Pese a todo, las razones de este uso ideológico del mestizaje entendido como blanqueamiento no hay que buscarlas en los núcleos familiares o en unos códigos de moral individual, sino en la manera en que la historia de la colonia y el capitalismo moderno constituyeron nuestra visión del mundo. En el caso colombiano, esta historia es inseparable de los imaginarios hispánicos con los que se consolidó un proyecto de nación conservadora, ultracatólica y semifeudal a finales del siglo XIX, dentro de una era conocida como La Regeneración. Bajo el liderazgo de un grupo de intelectuales conservadores y gramáticos, se implantó en el país un régimen excluyente basado en la pureza idiomática como modelo de corrección de una barbarie supuestamente congénita –La Academia de la Lengua colombiana es la más antigua del continente, fundada en 1871-. Otro factor determinante de este proyecto político fue un batiburrillo de ideas acerca de la raza nacional donde se mezclaban los viejos complejos antisemitas de España, el grotesco legado de los cuadros de castas y las modas eugenésicas de la época. Digamos que el pecado no era tanto ser indio o negro sino negarse a dejar de serlo. El pecado era resistirse a la imparable “evolución” racial. De ahí que el mestizaje adquiriera paulatinamente su significado actual y acabara ligado a la posibilidad de acceder a unos derechos conexos a la obtención de la ciudadanía en la república. Todavía hoy, en los reproches contra los misak que derribaron la estatua del conquistador, resuena la idea de que los indígenas no son ciudadanos. Son, meramente, “indios”, en contraposición a un nosotros abstracto que asocia los conceptos de nación y mestizaje blancoide.

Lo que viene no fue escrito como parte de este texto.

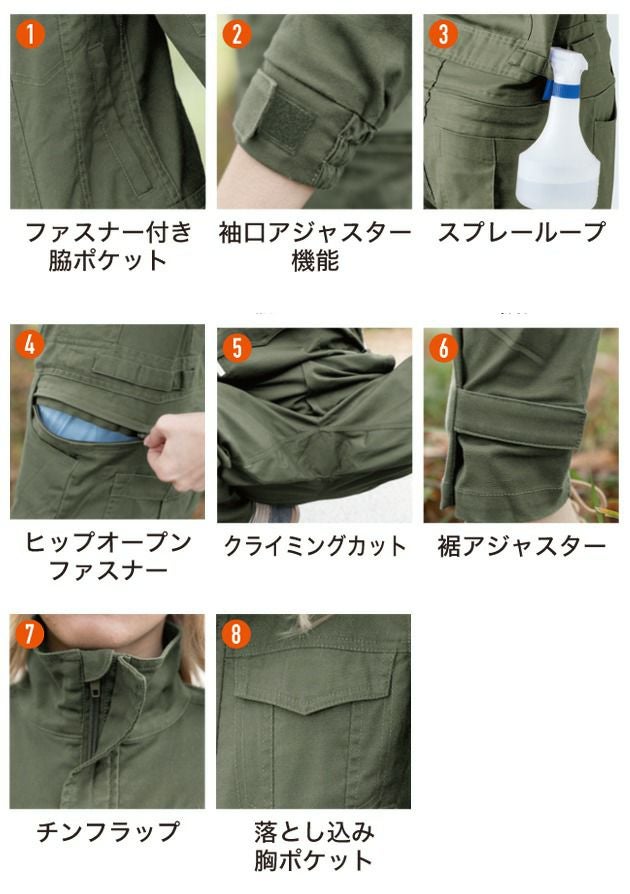 5. GRACE ENGINEER`S グレイスエンジニアーズ 作業着 春夏作業服 ヒップオープン・ストレッチレディースツナギ GE-200

El acto de protesta de los misak no es un irrespeto, no es un acto vandálico irracional perpetrado por un conjunto de “bárbaros”: es un cuestionamiento profundo de los fundamentos racistas y excluyentes sobre los que se ha asentado la idea actual de la nación colombiana y una invitación para discutir qué queremos ser en el futuro: unos tristes aspirantes a blancos o un pueblo que asume con valentía y originalidad sus múltiples herencias. Una nación de mestizos supremacistas, de rednecks morenos, o una república plebeya de iguales que habitan su diferencia constitutiva.
Por lo pronto, la caída del monumento nos ha permitido ver el lugar donde se encontraba erigido, que no es ningún “morro”, ni un montículo natural: se trata de una antigua pirámide construida para usos ceremoniales hace muchos siglos por el pueblo pubenense. A la espera de que se reanuden las labores arqueológicas en la zona, interrumpidas en los años 50 del pasado siglo, solo nos queda recordar que parte importante del futuro de América Latina sigue pendiente de ser desenterrado.
Los monumentos que ensalzan la conquista no celebran la historia, mucho menos la nuestra. Esas estatuas ecuestres a duras penas disimulan la complejidad bajo una caricatura de heroísmo épico y su caída de los pedestales, la necesidad de trasladar esas imágenes a un museo de las representaciones caducas, es un motivo de felicidad.
¡Larga vida al pueblo Misak, al pueblo Nasa y a todo el movimiento indígena del Cauca!